WHAT THE TASK ASKS
Retype every entry below without pictures.

[Records from a data collection]
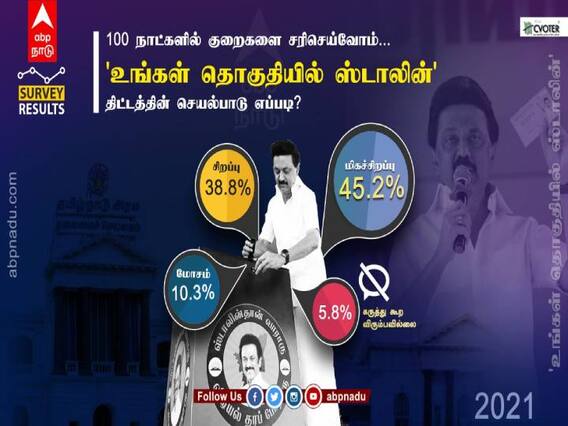 'ஏபிபி நாடு' செய்தி தளம் நடத்திய ஆய்வின் படி, 45.2 சதவீத வாக்காளர்கள், 'உங்கள் தொகுதியில் ஸ்டாலின்' திட்டத்தின் கீழ் அளிக்கப்பட்ட உறுதிமொழிகள் அனைத்தும் நிறைவேற்றப்பட்டதாக தெரிவித்துள்ளனர். அவ்வாறு தெரிவித்தவர்களில், திமுக கூட்டணி கட்சிக்கு வாக்களத்தவர்களில் 47.9% பேரும், அதிமுக கூட்டணி கட்சிக்கு வாக்களித்தவர்களில் 47.6% பேரும் என்பது குறிப்பிடத்தக்கது. 10.3% வாக்காளர்கள் உங்கள் தொகுதியில் ஸ்டாலின் திட்டம் படுதோல்வி அடைந்துவிட்டதாக தெரிவித்துள்ளனர்.
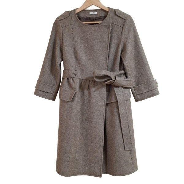 ミュウミュウ miumiu サイズ38 S - ベージュ×グレー レディース 長袖/冬 コート
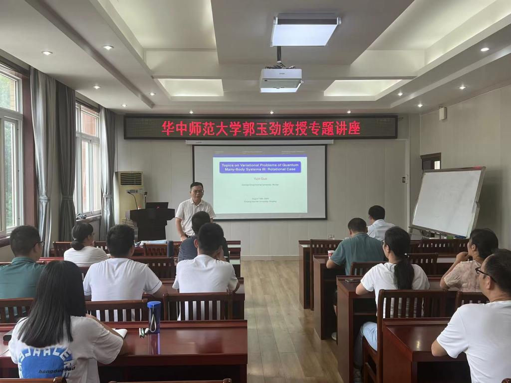 应太阳集团tyc9728邀请,华中师范大学郭玉劲教授于8月18日下午在数学楼315报告厅进行了系列专题讲座,主题为“Topics on variational problems of quantum many-body system”。 讲座由经理蔡礼明主持,公司部分专业教师、研究生和高年级本科生参加了此次讲座。
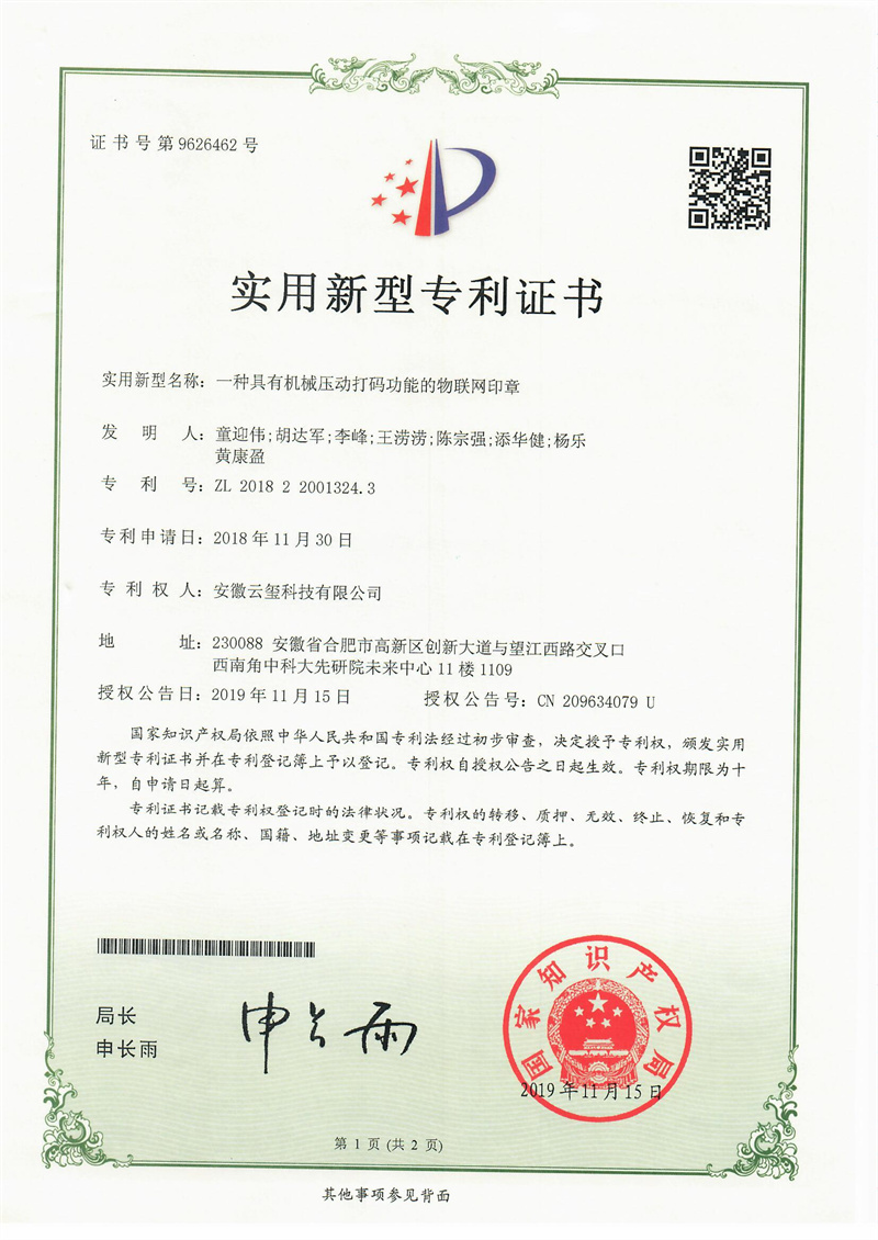 公司原創(chuàng)發(fā)明一體式智能印章技術(shù),引領(lǐng)國內(nèi)外新一代智能印簽創(chuàng)新變革。獲中日韓多項(xiàng)發(fā)明專利,徹底解決了實(shí)體印章和電子印簽管控的社會難題,獲國務(wù)院國資委全國央企熠星二等獎。公司聯(lián)合國家信息安全產(chǎn)品認(rèn)證中心、公安部三所、信通院、中國印章協(xié)會等,主導(dǎo)起草了行業(yè)首個智能印章安全認(rèn)證標(biāo)準(zhǔn)和智能印章產(chǎn)品標(biāo)準(zhǔn),引領(lǐng)了智能印章行業(yè)發(fā)展。
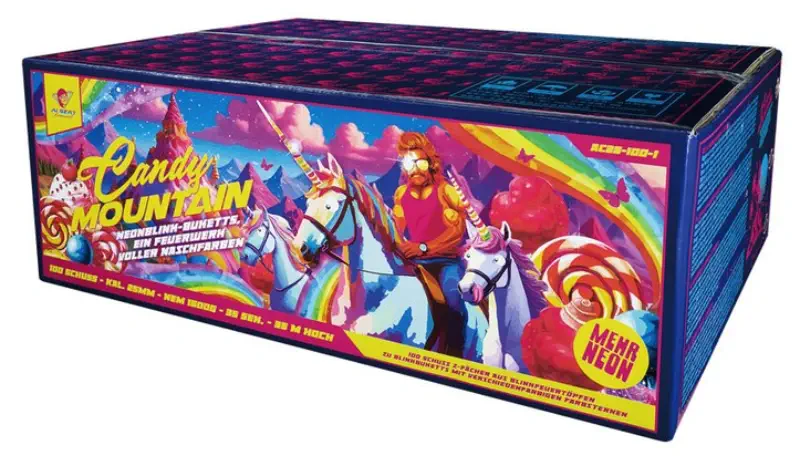 Albert Feuerwerk - Candy Mountain100 Schuss Verbund im Kaliber 25mm, mit ca. 1600g Satzmenge und ca. 35 Sekunden Brenndauer.Z-Fächer aus folgenden Effekten:1.) Goldblinker-Feuertopf zu blauem Leuchtspur-Aufstieg zu Goldblinkern mit purpurnen und blauen Leuchtsternen2.) Grünblinker-Feuertopf zu purpurnem Leuchtspur-Aufstieg zu Grünblinkern mit gelben und purpurnen Leuchtsternen3.) Rotblinker-Feuertopf zu grünem Leuchtspur-Aufstieg zu Rotblinkern mit blauen und grünen Leuchtsternen4.) Feuertopf auf goldenen, roten und grünen Blinkern zu blauem Leuchtspuraufstieg zu blauer und purpurner Päonie mit Blinkern in Rot, Grün und Gold
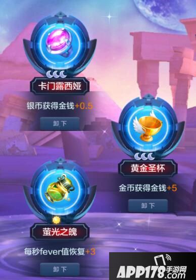 以金币加成为主选取宝物,小虎这里搭配的是:卡门露西亚+黄金圣杯+荧光之魄(增加续航能力)

REPLY
 'ஏபிபி நாடு' செய்தி தளம் நடத்திய ஆய்வின் படி, 45.2 சதவீத வாக்காளர்கள், 'உங்கள் தொகுதியில் ஸ்டாலின்' திட்டத்தின் கீழ் அளிக்கப்பட்ட உறுதிமொழிகள் அனைத்தும் நிறைவேற்றப்பட்டதாக தெரிவித்துள்ளனர். அவ்வாறு தெரிவித்தவர்களில், திமுக கூட்டணி கட்சிக்கு வாக்களத்தவர்களில் 47.9% பேரும், அதிமுக கூட்டணி கட்சிக்கு வாக்களித்தவர்களில் 47.6% பேரும் என்பது குறிப்பிடத்தக்கது. 10.3% வாக்காளர்கள் உங்கள் தொகுதியில் ஸ்டாலின் திட்டம் படுதோல்வி அடைந்துவிட்டதாக தெரிவித்துள்ளனர்.
 ミュウミュウ miumiu サイズ38 S - ベージュ×グレー レディース 長袖/冬 コート
 应太阳集团tyc9728邀请,华中师范大学郭玉劲教授于8月18日下午在数学楼315报告厅进行了系列专题讲座,主题为“Topics on variational problems of quantum many-body system”。 讲座由经理蔡礼明主持,公司部分专业教师、研究生和高年级本科生参加了此次讲座。
 公司原創(chuàng)發(fā)明一體式智能印章技術(shù),引領(lǐng)國內(nèi)外新一代智能印簽創(chuàng)新變革。獲中日韓多項(xiàng)發(fā)明專利,徹底解決了實(shí)體印章和電子印簽管控的社會難題,獲國務(wù)院國資委全國央企熠星二等獎。公司聯(lián)合國家信息安全產(chǎn)品認(rèn)證中心、公安部三所、信通院、中國印章協(xié)會等,主導(dǎo)起草了行業(yè)首個智能印章安全認(rèn)證標(biāo)準(zhǔn)和智能印章產(chǎn)品標(biāo)準(zhǔn),引領(lǐng)了智能印章行業(yè)發(fā)展。
 Albert Feuerwerk - Candy Mountain100 Schuss Verbund im Kaliber 25mm, mit ca. 1600g Satzmenge und ca. 35 Sekunden Brenndauer.Z-Fächer aus folgenden Effekten:1.) Goldblinker-Feuertopf zu blauem Leuchtspur-Aufstieg zu Goldblinkern mit purpurnen und blauen Leuchtsternen2.) Grünblinker-Feuertopf zu purpurnem Leuchtspur-Aufstieg zu Grünblinkern mit gelben und purpurnen Leuchtsternen3.) Rotblinker-Feuertopf zu grünem Leuchtspur-Aufstieg zu Rotblinkern mit blauen und grünen Leuchtsternen4.) Feuertopf auf goldenen, roten und grünen Blinkern zu blauem Leuchtspuraufstieg zu blauer und purpurner Päonie mit Blinkern in Rot, Grün und Gold
 以金币加成为主选取宝物,小虎这里搭配的是:卡门露西亚+黄金圣杯+荧光之魄(增加续航能力)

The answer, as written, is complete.